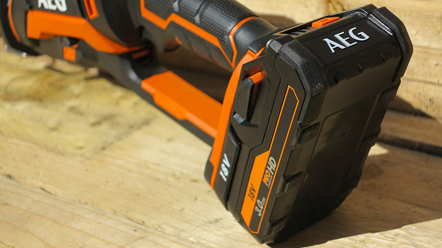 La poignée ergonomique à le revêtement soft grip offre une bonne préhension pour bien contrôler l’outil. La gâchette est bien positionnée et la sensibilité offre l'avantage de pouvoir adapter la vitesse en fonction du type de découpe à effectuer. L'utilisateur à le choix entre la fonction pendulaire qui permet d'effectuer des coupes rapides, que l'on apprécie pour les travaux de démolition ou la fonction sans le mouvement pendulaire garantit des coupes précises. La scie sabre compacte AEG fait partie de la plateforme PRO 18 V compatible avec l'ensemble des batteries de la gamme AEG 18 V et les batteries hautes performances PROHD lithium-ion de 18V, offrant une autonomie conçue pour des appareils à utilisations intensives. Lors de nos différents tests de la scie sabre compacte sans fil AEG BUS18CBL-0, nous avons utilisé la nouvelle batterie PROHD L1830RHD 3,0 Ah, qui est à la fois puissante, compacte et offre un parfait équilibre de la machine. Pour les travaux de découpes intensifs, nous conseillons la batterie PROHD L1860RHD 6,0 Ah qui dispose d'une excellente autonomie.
□ □ □
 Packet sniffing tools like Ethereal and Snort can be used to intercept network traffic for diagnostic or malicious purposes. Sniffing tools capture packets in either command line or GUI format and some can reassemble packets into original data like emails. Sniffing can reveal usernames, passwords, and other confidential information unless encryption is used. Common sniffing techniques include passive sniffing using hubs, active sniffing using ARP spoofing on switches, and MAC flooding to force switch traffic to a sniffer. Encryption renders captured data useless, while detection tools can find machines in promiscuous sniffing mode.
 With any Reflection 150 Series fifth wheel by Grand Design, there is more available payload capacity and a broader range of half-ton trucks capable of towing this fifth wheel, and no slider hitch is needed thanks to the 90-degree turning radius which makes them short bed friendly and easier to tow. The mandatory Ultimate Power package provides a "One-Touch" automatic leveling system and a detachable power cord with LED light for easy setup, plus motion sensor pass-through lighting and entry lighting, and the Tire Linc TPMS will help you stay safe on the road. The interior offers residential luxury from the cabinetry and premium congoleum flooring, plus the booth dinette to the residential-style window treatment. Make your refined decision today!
□ □ □
§ Exercise brief:
Starting with the line above that holds "Packet sniffing tools" and stopping with the line that holds "With any Reflection", reproduce each line exactly, omitting all other lines.

§ Written solution:
 Packet sniffing tools like Ethereal and Snort can be used to intercept network traffic for diagnostic or malicious purposes. Sniffing tools capture packets in either command line or GUI format and some can reassemble packets into original data like emails. Sniffing can reveal usernames, passwords, and other confidential information unless encryption is used. Common sniffing techniques include passive sniffing using hubs, active sniffing using ARP spoofing on switches, and MAC flooding to force switch traffic to a sniffer. Encryption renders captured data useless, while detection tools can find machines in promiscuous sniffing mode.
 With any Reflection 150 Series fifth wheel by Grand Design, there is more available payload capacity and a broader range of half-ton trucks capable of towing this fifth wheel, and no slider hitch is needed thanks to the 90-degree turning radius which makes them short bed friendly and easier to tow. The mandatory Ultimate Power package provides a "One-Touch" automatic leveling system and a detachable power cord with LED light for easy setup, plus motion sensor pass-through lighting and entry lighting, and the Tire Linc TPMS will help you stay safe on the road. The interior offers residential luxury from the cabinetry and premium congoleum flooring, plus the booth dinette to the residential-style window treatment. Make your refined decision today!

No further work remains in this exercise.